- _Records supplied_:
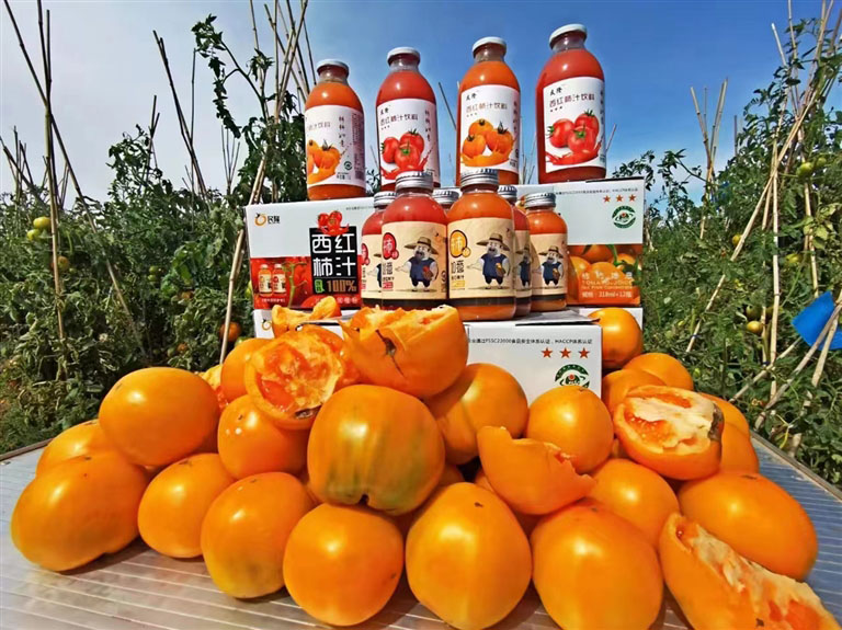 为了让更多的人品尝到美味营养的黄柿子,民隆公司和上海瑞橙食品有限公司合作,在2019年推出了柿柿如意黄柿子汁。柿子汁用五原黄柿子作原料,运用NFC鲜果原榨技术,无任何添加,柿味浓郁、酸甜可口,一上市便备受消费者青睐。
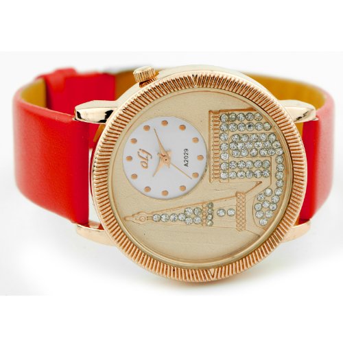 What's new on Free Shipping Christmas Gift Women Fashion Hot Sale 100% Leather Strap Quartz RED Watch WA2029 - See Details :
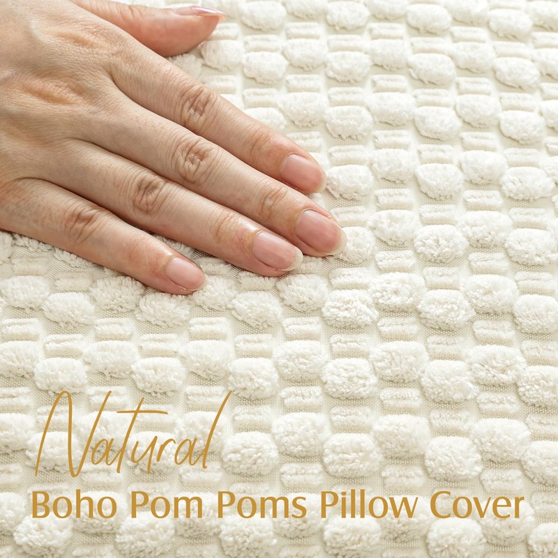 Artscope Pom Poms Decorative Corduroy Cushion Covers 40x60cm Super Soft Boho Striped Lumbar Pillow Covers Case Geometric for Sofa Couch Bedroom Car Decor Set of 2, Cream Beige
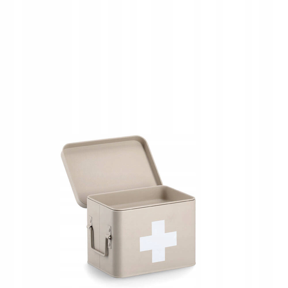 - Декоративный контейнер для лекарств: Аптечка в стиле ретро. Бежевая металлическая банка украшена большим красным крестом — универсальным символом, который облегчит распознавание аптечки в экстренной ситуации.
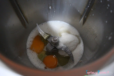 Añadimos los huevos y el azúcar y mezclamos 30 segundos a velocidad 5, Todo esto lo podemos hacer a mano mezclando bien en un recipiente.
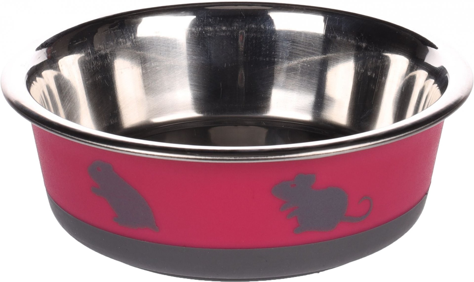 Pekná nerezová miska s plastovým opláštením ružovej farby. Objem misky 400ml. Priemer 14cm. Celý popis
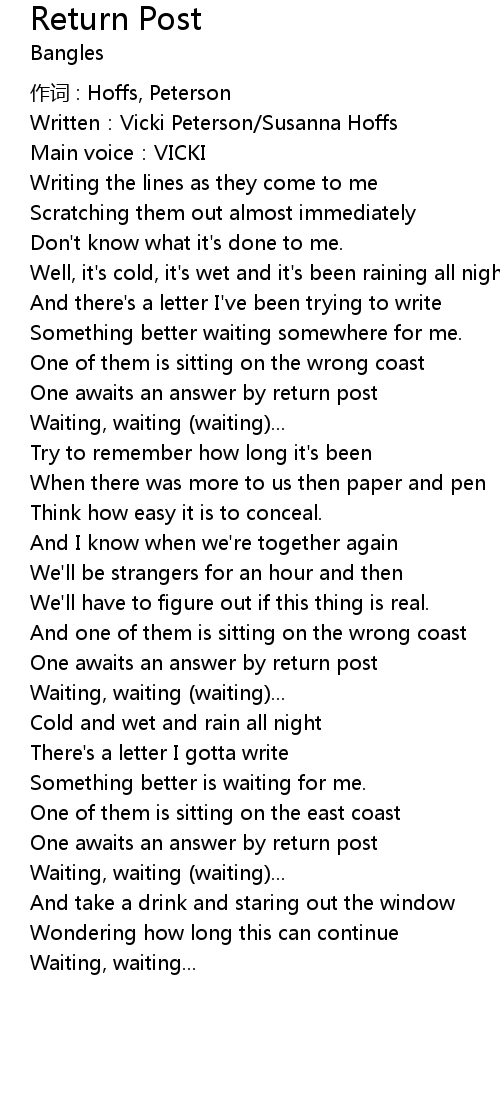 | 歌曲 | Return Post |
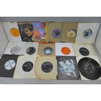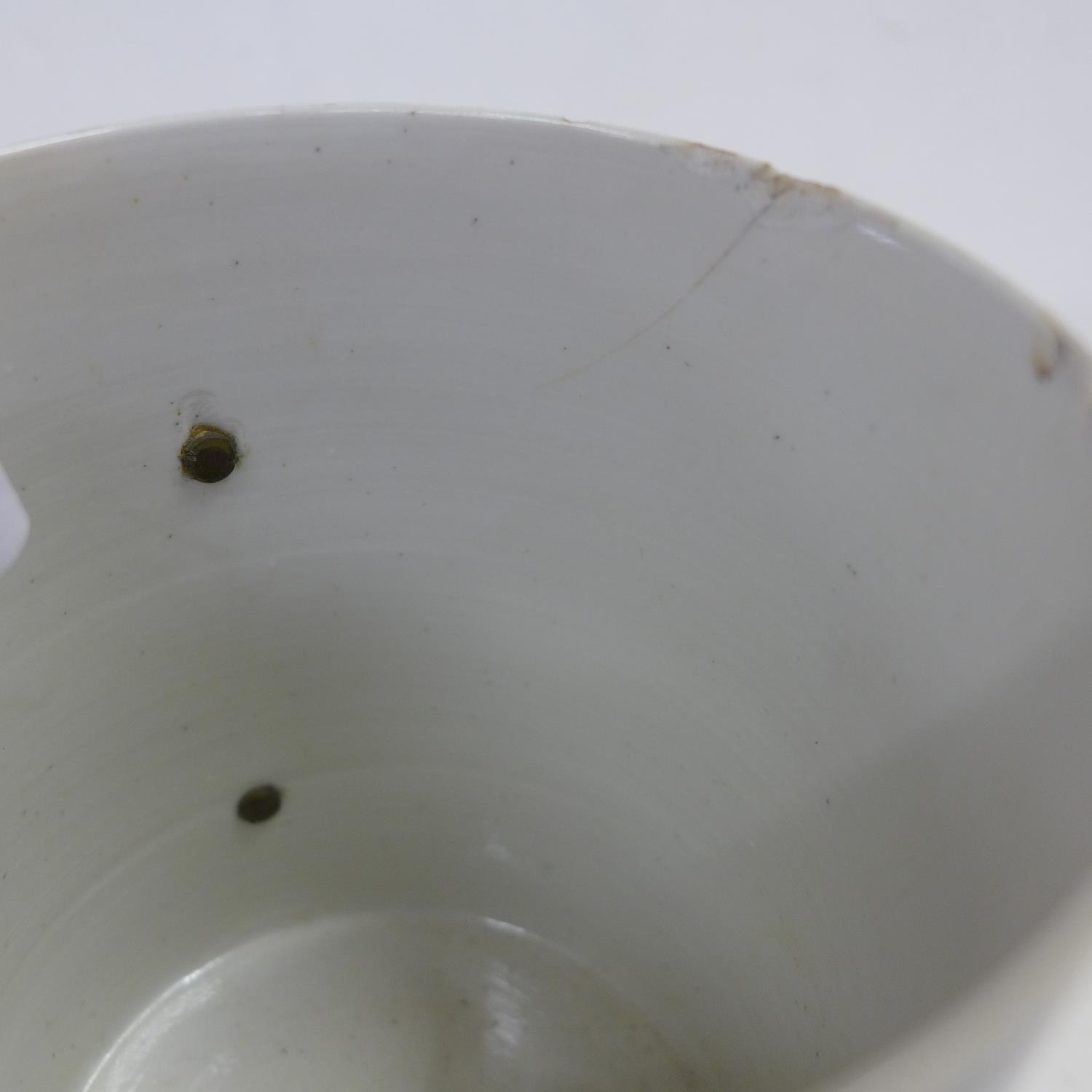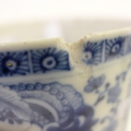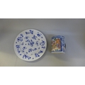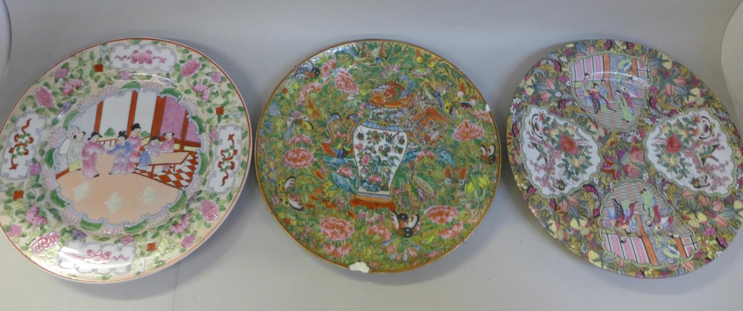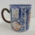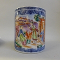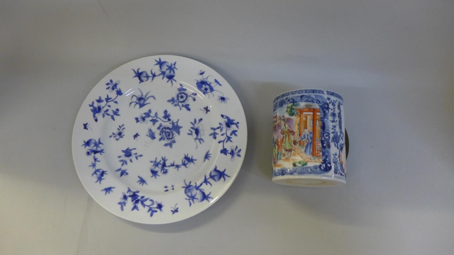 A Qianlong Chinese mug, a/f, and four oriental plates, famille verte x3 and blue and white, one plate a/f, (5 pieces)

- _What the task asks_:
When you reach the line that contains "Return Post |", start reproducing, and continue word for word to the end of the records; skip all pictures.

- _Exercise result_:
 | 歌曲 | Return Post |
 A Qianlong Chinese mug, a/f, and four oriental plates, famille verte x3 and blue and white, one plate a/f, (5 pieces)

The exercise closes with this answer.